(Beginning of RECORDED DATA)

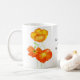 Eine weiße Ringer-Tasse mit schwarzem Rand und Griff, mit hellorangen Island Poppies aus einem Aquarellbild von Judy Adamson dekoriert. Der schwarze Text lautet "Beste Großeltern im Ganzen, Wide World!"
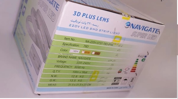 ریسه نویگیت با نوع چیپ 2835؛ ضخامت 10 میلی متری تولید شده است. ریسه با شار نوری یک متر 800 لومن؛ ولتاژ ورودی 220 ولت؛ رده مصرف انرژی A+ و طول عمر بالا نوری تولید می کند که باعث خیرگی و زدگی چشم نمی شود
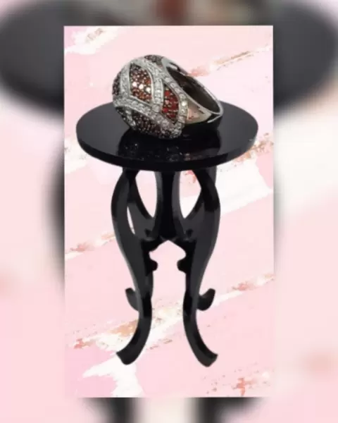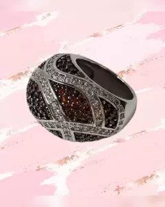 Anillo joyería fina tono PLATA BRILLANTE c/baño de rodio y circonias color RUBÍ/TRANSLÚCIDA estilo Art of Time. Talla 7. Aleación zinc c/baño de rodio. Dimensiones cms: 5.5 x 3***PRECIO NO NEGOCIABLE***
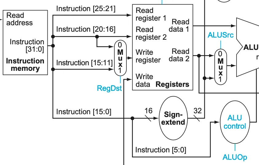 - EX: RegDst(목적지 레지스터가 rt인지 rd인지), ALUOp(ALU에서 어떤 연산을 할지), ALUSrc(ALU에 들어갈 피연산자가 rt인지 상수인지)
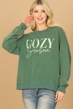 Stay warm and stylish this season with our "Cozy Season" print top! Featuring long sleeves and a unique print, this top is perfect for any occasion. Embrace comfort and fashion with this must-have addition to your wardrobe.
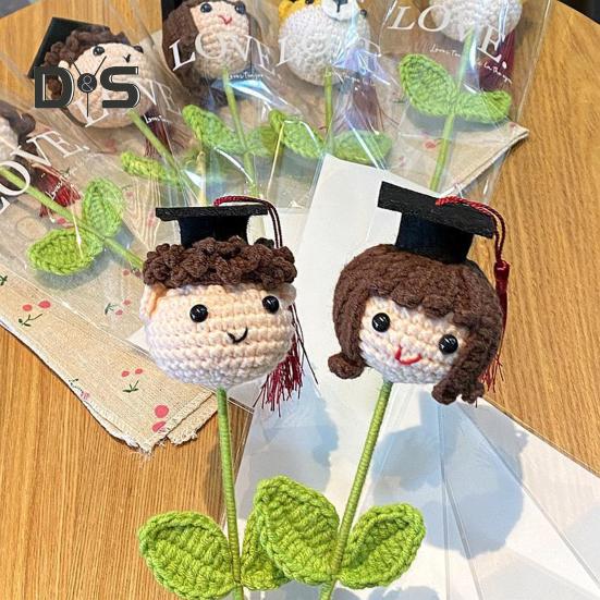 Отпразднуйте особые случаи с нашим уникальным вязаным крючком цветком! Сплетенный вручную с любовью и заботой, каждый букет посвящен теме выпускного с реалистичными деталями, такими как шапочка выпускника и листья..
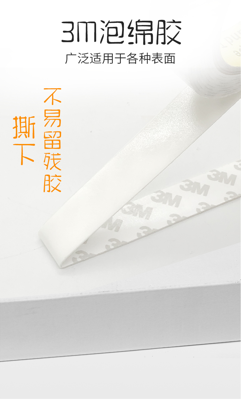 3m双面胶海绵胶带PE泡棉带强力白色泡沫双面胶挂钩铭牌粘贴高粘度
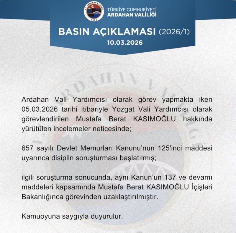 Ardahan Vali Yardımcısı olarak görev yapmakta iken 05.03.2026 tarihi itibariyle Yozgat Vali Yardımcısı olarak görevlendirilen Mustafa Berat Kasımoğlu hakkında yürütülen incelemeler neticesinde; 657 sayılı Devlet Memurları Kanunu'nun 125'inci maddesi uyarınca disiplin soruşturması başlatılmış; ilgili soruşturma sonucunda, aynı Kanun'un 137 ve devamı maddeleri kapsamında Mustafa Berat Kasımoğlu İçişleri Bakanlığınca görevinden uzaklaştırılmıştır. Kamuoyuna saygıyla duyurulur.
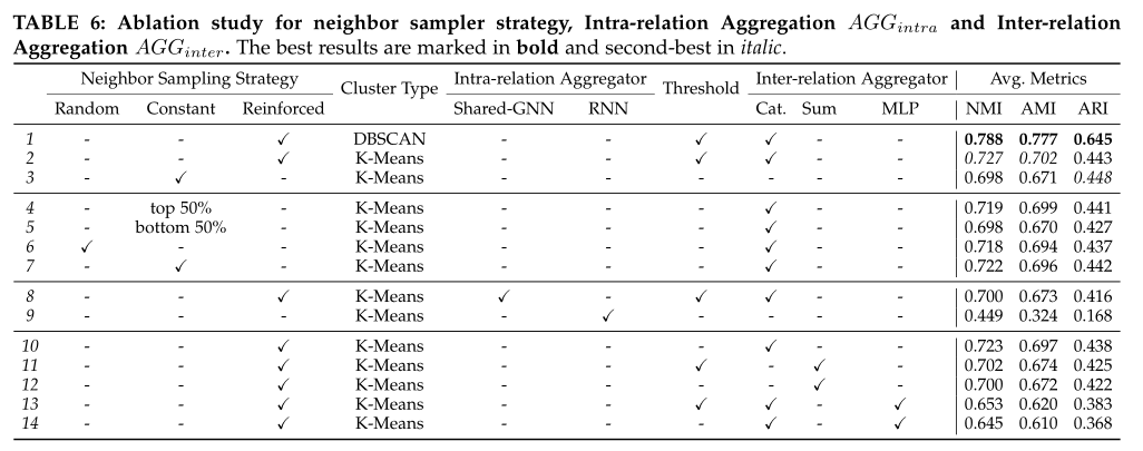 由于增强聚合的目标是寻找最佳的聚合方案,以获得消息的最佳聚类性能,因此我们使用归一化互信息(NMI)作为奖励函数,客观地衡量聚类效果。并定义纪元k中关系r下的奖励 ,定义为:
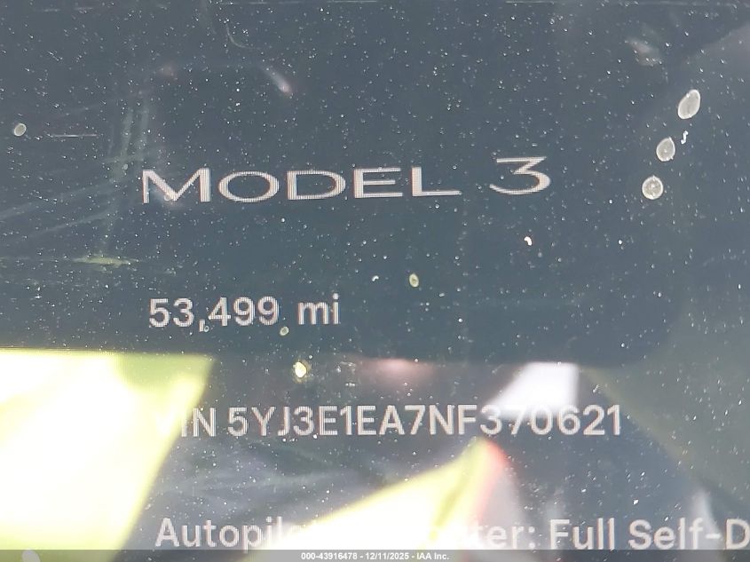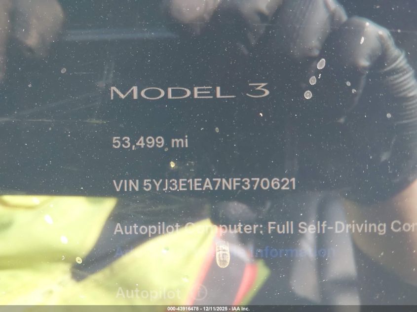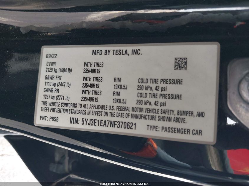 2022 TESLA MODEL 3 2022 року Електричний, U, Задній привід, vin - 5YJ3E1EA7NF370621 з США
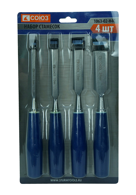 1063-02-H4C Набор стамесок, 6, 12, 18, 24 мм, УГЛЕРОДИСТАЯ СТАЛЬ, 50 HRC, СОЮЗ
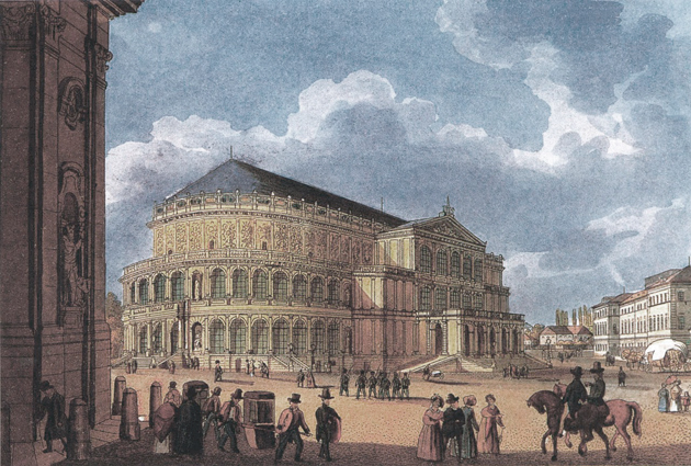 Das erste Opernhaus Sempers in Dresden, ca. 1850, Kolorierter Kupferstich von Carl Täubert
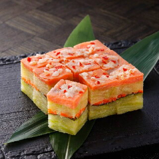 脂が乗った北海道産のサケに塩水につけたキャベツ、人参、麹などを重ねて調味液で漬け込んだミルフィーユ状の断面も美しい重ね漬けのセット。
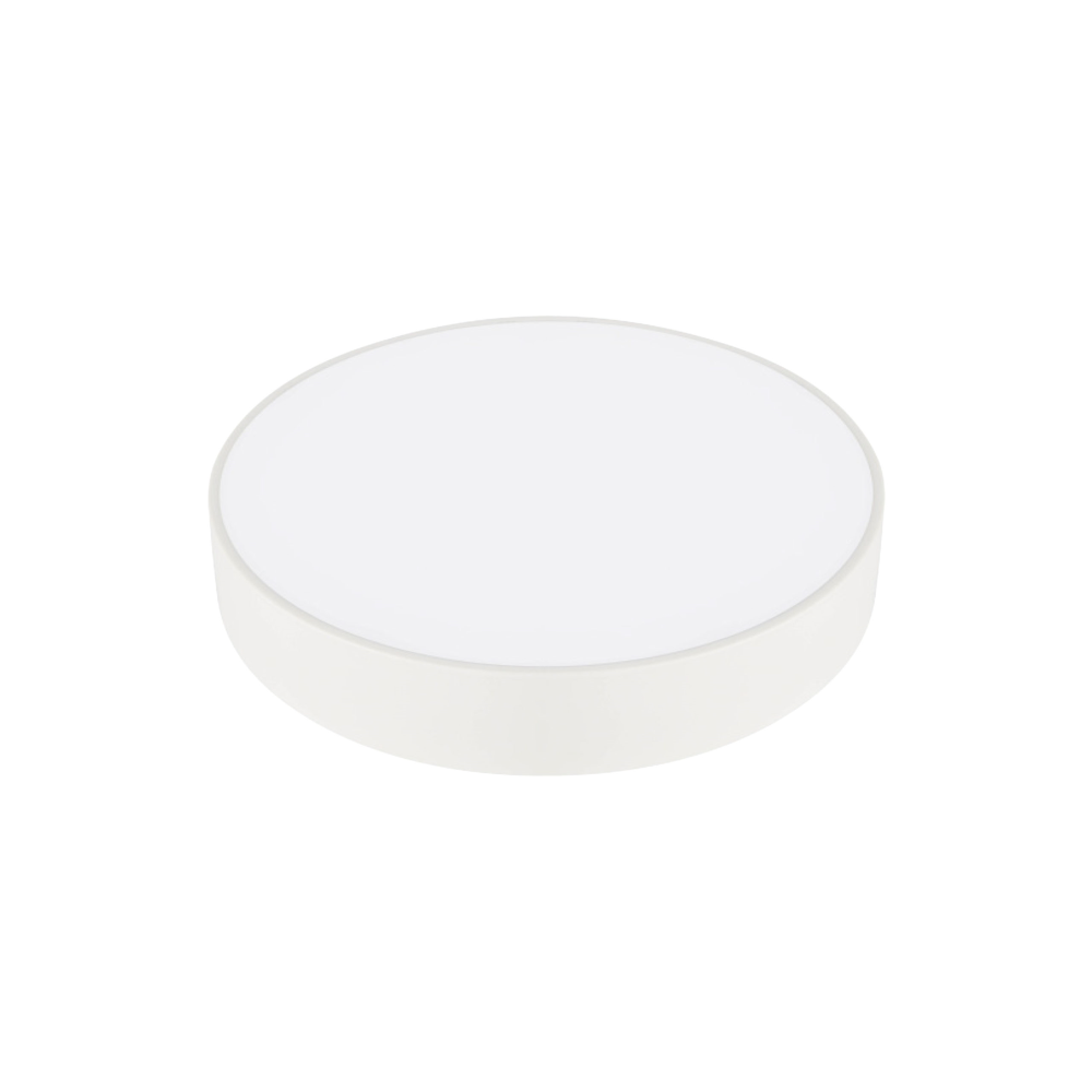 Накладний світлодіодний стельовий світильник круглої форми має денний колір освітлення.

(End of RECORDED DATA)

# PROBLEM DESCRIPTION
Print the data again, word for word, without any pictures.

# RESULT BELOW
 Eine weiße Ringer-Tasse mit schwarzem Rand und Griff, mit hellorangen Island Poppies aus einem Aquarellbild von Judy Adamson dekoriert. Der schwarze Text lautet "Beste Großeltern im Ganzen, Wide World!"
 ریسه نویگیت با نوع چیپ 2835؛ ضخامت 10 میلی متری تولید شده است. ریسه با شار نوری یک متر 800 لومن؛ ولتاژ ورودی 220 ولت؛ رده مصرف انرژی A+ و طول عمر بالا نوری تولید می کند که باعث خیرگی و زدگی چشم نمی شود
 Anillo joyería fina tono PLATA BRILLANTE c/baño de rodio y circonias color RUBÍ/TRANSLÚCIDA estilo Art of Time. Talla 7. Aleación zinc c/baño de rodio. Dimensiones cms: 5.5 x 3***PRECIO NO NEGOCIABLE***
 - EX: RegDst(목적지 레지스터가 rt인지 rd인지), ALUOp(ALU에서 어떤 연산을 할지), ALUSrc(ALU에 들어갈 피연산자가 rt인지 상수인지)
 Stay warm and stylish this season with our "Cozy Season" print top! Featuring long sleeves and a unique print, this top is perfect for any occasion. Embrace comfort and fashion with this must-have addition to your wardrobe.
 Отпразднуйте особые случаи с нашим уникальным вязаным крючком цветком! Сплетенный вручную с любовью и заботой, каждый букет посвящен теме выпускного с реалистичными деталями, такими как шапочка выпускника и листья..
 3m双面胶海绵胶带PE泡棉带强力白色泡沫双面胶挂钩铭牌粘贴高粘度
 Ardahan Vali Yardımcısı olarak görev yapmakta iken 05.03.2026 tarihi itibariyle Yozgat Vali Yardımcısı olarak görevlendirilen Mustafa Berat Kasımoğlu hakkında yürütülen incelemeler neticesinde; 657 sayılı Devlet Memurları Kanunu'nun 125'inci maddesi uyarınca disiplin soruşturması başlatılmış; ilgili soruşturma sonucunda, aynı Kanun'un 137 ve devamı maddeleri kapsamında Mustafa Berat Kasımoğlu İçişleri Bakanlığınca görevinden uzaklaştırılmıştır. Kamuoyuna saygıyla duyurulur.
 由于增强聚合的目标是寻找最佳的聚合方案,以获得消息的最佳聚类性能,因此我们使用归一化互信息(NMI)作为奖励函数,客观地衡量聚类效果。并定义纪元k中关系r下的奖励 ,定义为:
 2022 TESLA MODEL 3 2022 року Електричний, U, Задній привід, vin - 5YJ3E1EA7NF370621 з США
 1063-02-H4C Набор стамесок, 6, 12, 18, 24 мм, УГЛЕРОДИСТАЯ СТАЛЬ, 50 HRC, СОЮЗ
 Das erste Opernhaus Sempers in Dresden, ca. 1850, Kolorierter Kupferstich von Carl Täubert
 脂が乗った北海道産のサケに塩水につけたキャベツ、人参、麹などを重ねて調味液で漬け込んだミルフィーユ状の断面も美しい重ね漬けのセット。
 Накладний світлодіодний стельовий світильник круглої форми має денний колір освітлення.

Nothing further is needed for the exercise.